The body style became Minolta's standard manual-focus SLR body, so the XG-M strongly resembles subsequent Minolta cameras.

Body changes from the XG-9 included a new right hand handgrip and stronger internal build allowing the use of a 3.5fps motor drive while the XG bodies were only able to use a 2fps winder.

The XG-9's integrated switch for on/off/self-timer/battery check was removed and its functions spread around the camera. The self timer was relocated to a switch on the front of the camera, on the left-hand side of the mirror housing. A new main on-off switch was placed beneath the shutter speed dial. The lock button for the shutter speed dial also functioned as a battery check; the front LED, also used for the self-timer, lit when that button was pressed and the batteries held adequate charge. Film speed and exposure compensation settings were moved to beneath the rewind knob.

The XG-M supported both aperture priority autoexposure and full manual mode. For aperture priority shooting, the shutter speed dial was set to the A (auto) position. The photographer would set the aperture on the lens, which would be visible in the viewfinder by means of a small periscope beneath the image. The camera would decide on the correct shutter speed according to the reading of its center-weighted average metering. This would be displayed in the viewfinder: a column on the right of the image showed all the shutter speeds, and an LED would light next to the chosen speed. The automatically selected exposure could be adjusted by means of the exposure compensation dial on the left; compensation of plus or minus 2 stops could be selected in half-stop increments.

In manual mode, the XG-M would use that LED to display its recommended shutter speed. However, to select a shutter speed, the camera had to be removed from the eye; the speed selected was not shown in the viewfinder. Speeds between 1 second and 1/1000 second could be chosen, and there was a BULB mode for long-duration exposures.

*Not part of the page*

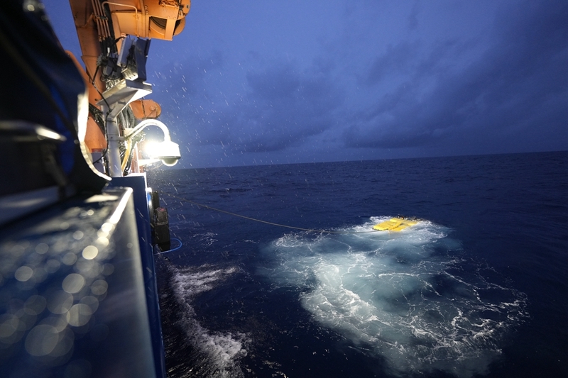 8月22日晚,考察隊員在“中山大學(xué)”號船艉主甲板冒雨布放“海琴”號。

The camera was battery dependent, needing 2 LR44 or equivalent button cells to operate.

A minimal amount of photographic flash automation was provided. With a compatible dedicated flash, the camera would be set automatically to the 1/60 second X-sync speed, and a ready light in the viewfinder would blink when the flash was charged. The photographer did have to set the correct aperture for flash photography according to subject distance; a guide was available on the back of Minolta's flashes.